Sobre sombras e voltas

 Sabe, voltei a escrever bem… E voltar a escrever bem não é um bom sinal… 

Registrando em tempo, hoje é dia 05 de Abril de 2024 e agora é meia noite e 15 (isso significa que 15 minutos atrás era dia 04 de Abril).

Quando as palavras escritas me vêm desse jeito mais intempestivo e fluído, com essa carga de poesia em conto e afeto suspirado em cada frase que se lê, significa que minha melodia é dor e a harmonia que me conduz é desesperança.

Eu trabalho com palavra... O discurso é, atualmente, uma das minhas maiores ferramentes de sobrevivência. É através da fala que sou reconhecido em muitos lugares e por causa da fala que eu faço meus bicos que fazem a minha renda mensal. Uma palestra aqui, uma oficina ali, raramente uma tradução simultânea... Um convite pra escrever um texto, uma entrevista cedida... É pelo que falo e escrevo que me sustento em vários sentidos.

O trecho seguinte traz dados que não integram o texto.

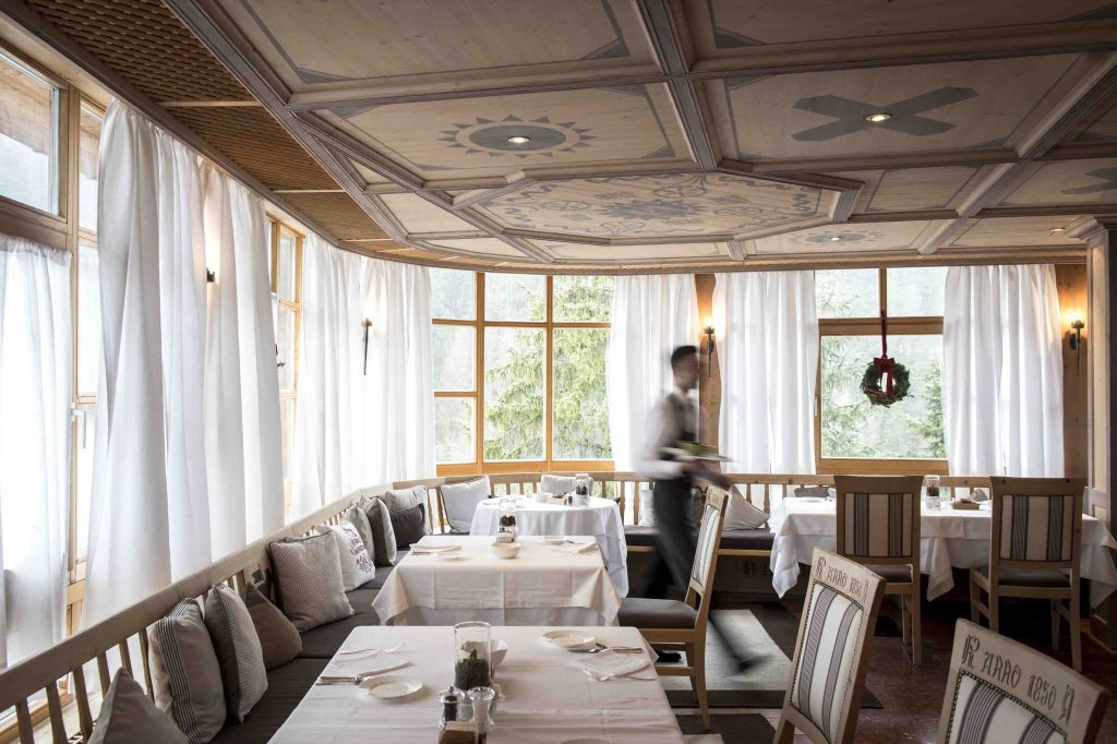 The Alpine huts along the ski slopes of the Gardena Valley serve local fare mixing traditional Italian with South Tyrolean dishes; against the magnificent background of the snow-capped peaks of the Sella Mountain Group in the Dolomites.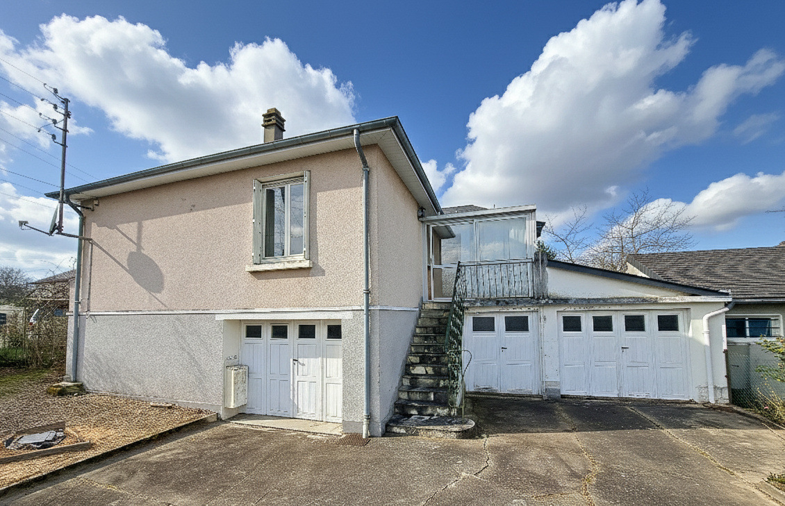 Plain pied surélevé des années 50 à rénover avec entrée avec véranda, séjour, cuisine, deux chambres avec placard, salle de bains, wc.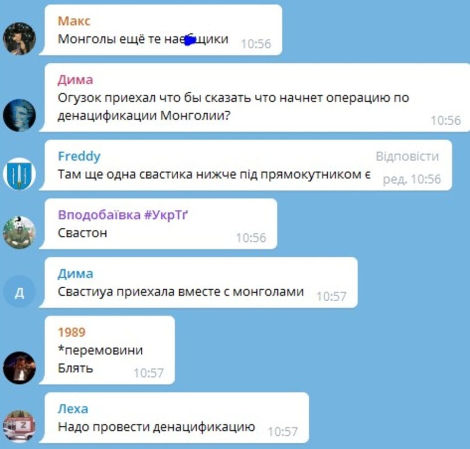 При этом пользователи сети заметили на фото свастику нацистской Германии – в частности, на вазе и столике в зале. Они отреагировали на это словами: "Нужно немедленно денацифицировать Улан-Батор!", намекая на озвученные Кремлем "цели" вторжения его войск в Украину 24 февраля.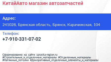 КитайАвто, магазин автозапчастей по адресу 241028, Брянская область, Брянск, Карачижская, 104 в дальнейшем Организация, размещена в следующих категориях:
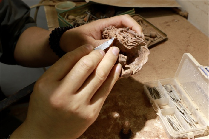 多年前,李宝峰决定重拾这门技艺。“我还清晰记得自己卖出第一件木雕时的心情,当时第一反应就是,终于有钱买更好的工具了。”李宝峰说,虽然钱不多,但被人认可感到很开心。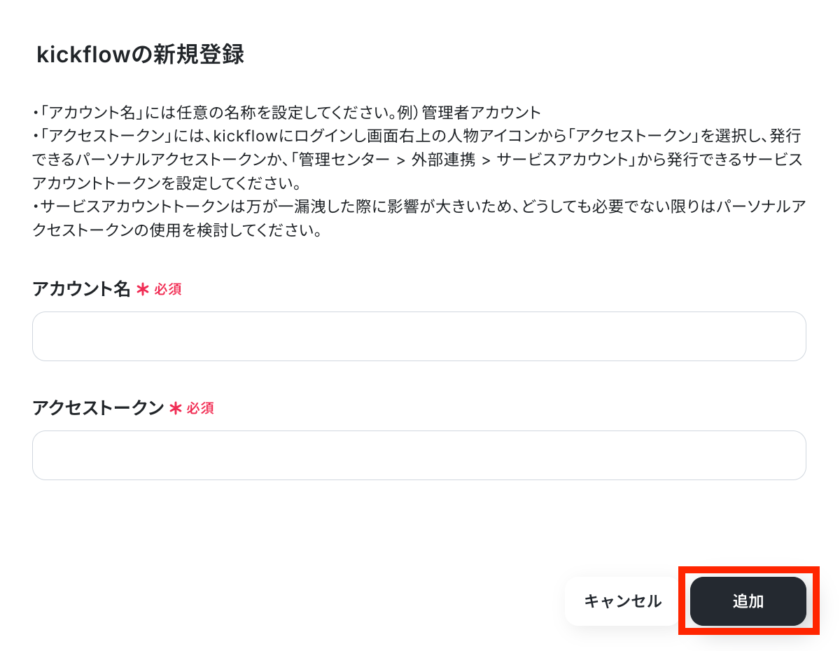 アカウント名とアクセストークンを記入して、「追加」ボタンをクリックしましょう!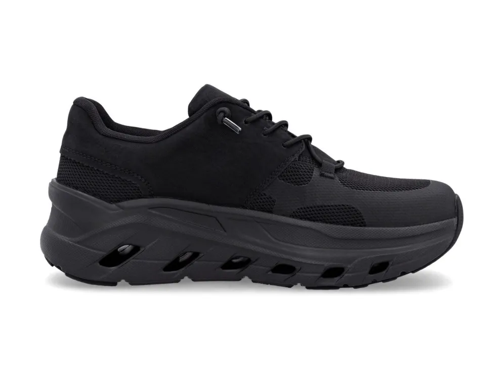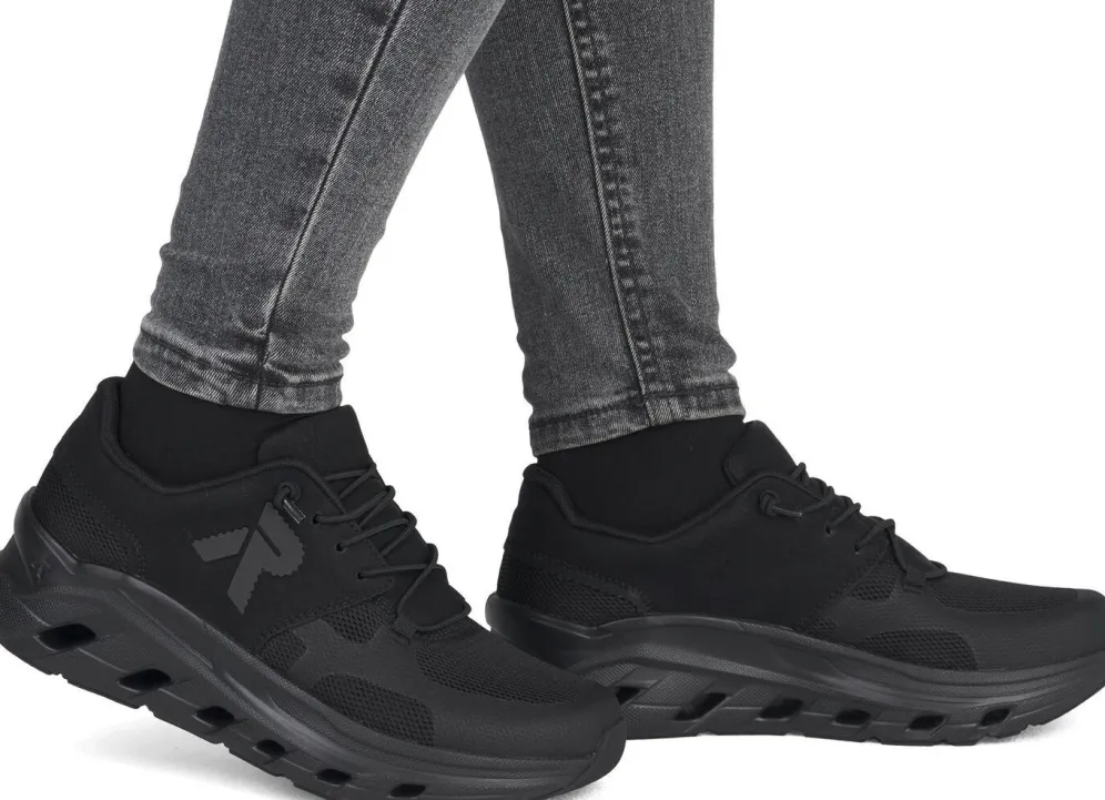 Sportive Sneaker aus teilweise beschichtetem Meshmaterial und Synthetik, mit elastischer Zierschnürung: Weite G, Textilfutter, herausnehmbares Fußbett, superleichte EVA-Plateausohle mit luftigen Durchbrüchen sowie 20 mm Keilabsatz
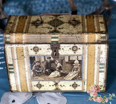 Blechdose – Jugendstil mit schwarzweißen Abbildungen von Kindern in Tracht – mit Henkel und Verschluss – in Form eines Koffers mit nach innen gewölbtem Boden – Beschädigungen und Rostbildung – Scharniere und Verschluss in Ordnung. Wahrscheinlich niederländischen Ursprungs, Zeitraum 1900–1910.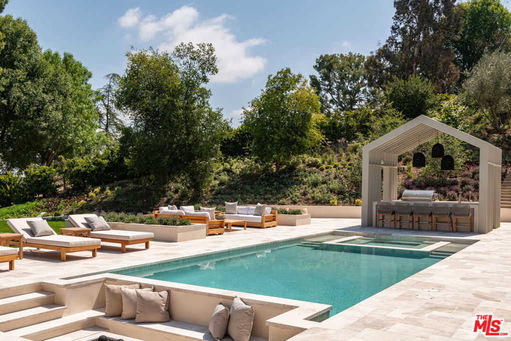 A modern tranquil chalet hidden in the hills of California. Unveiled as a paragon of contemporary architecture and refined design, 24172 Lupin Hill Road emerges as a newly constructed estate nestled within the prestigious, guard-gated community of Hidden Hills. An inspired collaboration of design and craftsmanship, this nearly 11,000-square-foot estate with a 4-car-garage is a rare offering that captures the essence of luxurious interiors and the laid-back beauty of California living. Set behind grand double gates and approached by a long, private driveway framed by majestic landscaping and a roundabout motor court, this architectural tour de force is the epitome of seclusion and elegance. Every inch of the home speaks to intentional design and elevated living. Inside, a vast open floor plan unfolds beneath soaring ceilings, blending form and function with the use of natural stone, organic textures, and exquisite custom finishes throughout. Anchoring the estate is an oversized dedicated dining area, perfect for hosting grand-scale gatherings, and a striking library-office pairing that redefines luxury work-from-home environments. A four-car garage offers ample room for collectors and convenience, while the wellness wing transports residents into a sanctuary of rejuvenation. Here, a spacious wellness and fitness room complemented by a cold plunge stone tub beneath the open sky, inviting daily rituals of health and vitality. The primary suite is a true sanctuary featuring dual walk-in closets of generous scale and a spa-worthy bathroom that rivals the finest hotels, complete with a sculptural stone soaking tub oriented toward sweeping canyon and hillside views. For ultimate functionality and guest privacy, a beautifully appointed poolside guest house expands the estate's living quarters, ideal for hosting in effortless style. Indoor and outdoor boundaries dissolve as walls of glass frame the estate's manicured grounds, where curated landscape design meets breathtaking natural surroundings. Every detail from materiality to flow has been crafted to offer an immersive living experience that is both grounded in nature and boldly luxurious. More than a residence, 24172 Lupin Hill Road is a private sanctuary, a design statement, and a legacy in the making a new benchmark for the traditional-modern living in Hidden Hills. Also offered for Lease, presenting a rare opportunity to experience this exceptional estate.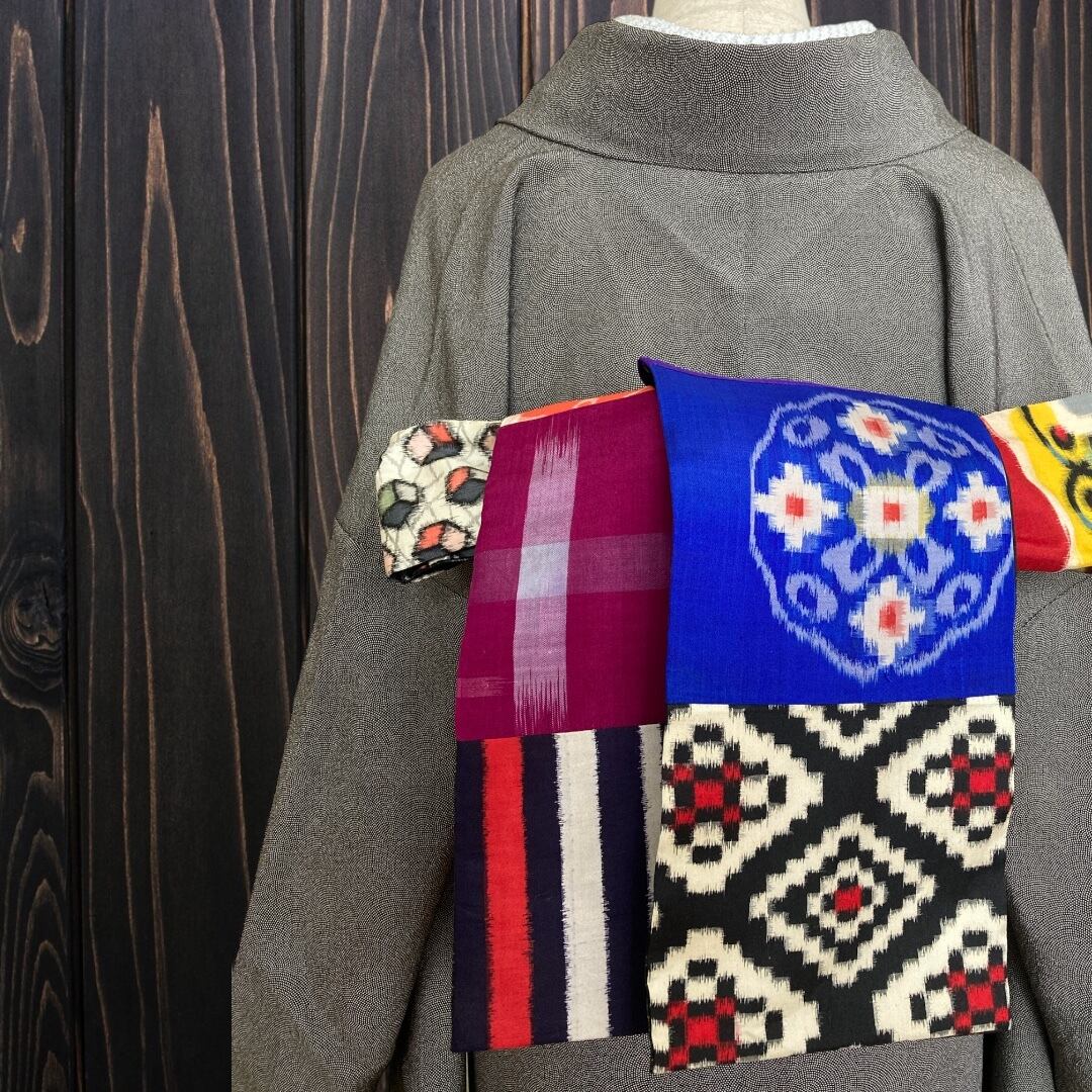 var.84アンティーク着物リメイク.切嵌風.銘仙.大人の兵児帯 半幅帯 パッチワーク 長尺430cm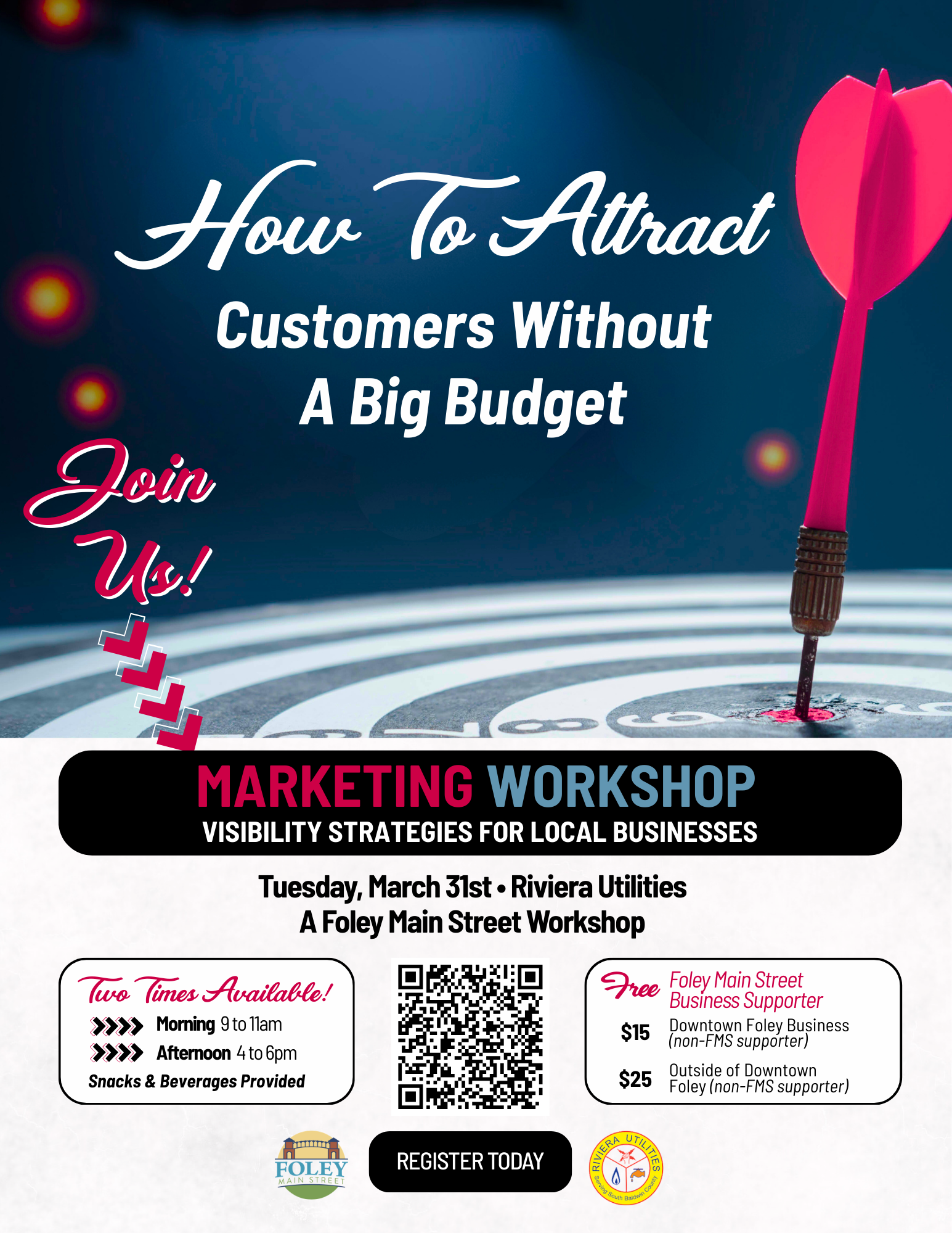 Foley Main Street will host a practical marketing workshop designed to help local businesses attract more customers through creative visibility strategies on Tuesday, March 31 at Riviera Utilities.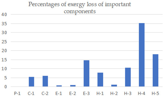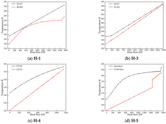 The exergy loss percentages of the System A components are shown in Figure 4, including heat exchangers, pumps, compressors, and turbines. Because of the temperature difference in the heat transfer process, the main exergy losses within the heat exchangers were the main exergy losses of the system (more than 72.4%). The exergy loss of other equipment accounted for 27.6% of system exergy loss, and the exergy loss of E-3 even reached 14.6%. For analyzing the exergy losses in heat exchangers, the temperature differences under the initial conditions in heat exchangers were calculated as shown in Figure 5. The LMTD (log mean temperature difference) of H-1, H-3, H-4, and H-5 was 12.21 K, 10.76 K, 12.32 K, and 20.41 K, respectively. In the heat exchanger (H-1, H-4, H-5), the matching degree of the temperature–heat flow curve of the cold and hot logistics was not high, resulting in a higher LMTD of the heat exchanger, which increased the exergy loss of the heat exchanger and reduced the exergy efficiency of the system.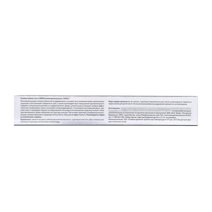 Гелевая зубная паста CONSLY URBAN реминерализующая, 105 г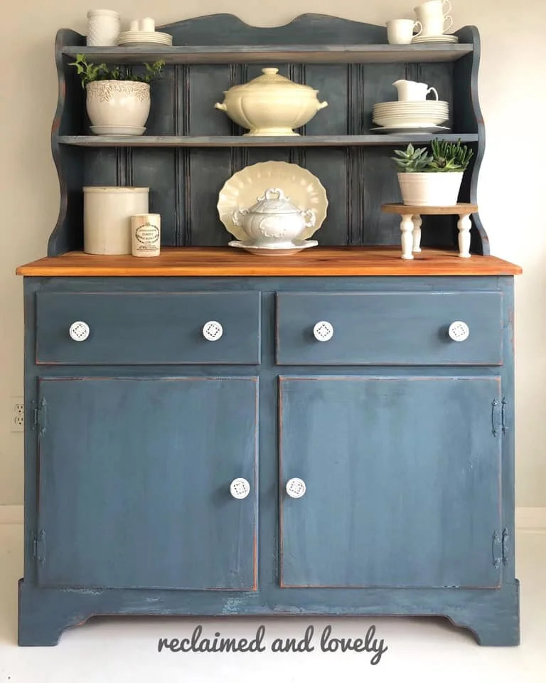 This week’s featured piece is a pine hutch that was in desperate of a makeover! Julie from Reclaimed and Lovely snagged it for a steal at $35 and refinished it using a custom blend of Miss Mustard Seed’s® Milk Paint.

Estranho dizer que quando eu estou bem as palavras escritas me são mais difíceis enquanto a eloquência diplomática flui com muita naturalidade. Fazer "espontâneo", mediar conflitos, debater por horas, tudo isso vai como rio que flui sem barreira quando eu to bem. Ultimamente tem sido o oposto. Escrever sobre angústia e dor me soa muito familiar enquanto o Bob membro da ONU que tem a reputação diplomática como traço de personalidade se escondeu encolhido atrás da realidade que o atravessa como criança que foge de injeção.

Avaliar esse balanço me ajuda a ter mais parcimônia comigo, porque talvez diferente dos outros momentos, não preciso descobrir que estou mal… Eu já sei que estou. É hora de voltar a trocar e-mails com meu psicólogo, quase que diariamente como já foi 10 anos atrás… Na busca por um psiquiatra humano nessa selva de pedra chamada São Paulo, já gastei 150 reais por 5 minutos de conversa com um CRM que me pediu pra chamar o próximo paciente pois ele estava ocupado demais sentado na sua mesa respondendo ao whatsapp dele… Meu incrível Psiquiatra, Dr. André, sempre disponível a me atender online quando preciso, tem segurado a barra até aqui, mas a recomendação é um profissional que me acompanhe mais de perto e meu recurso é o plano de saúde recém contratado.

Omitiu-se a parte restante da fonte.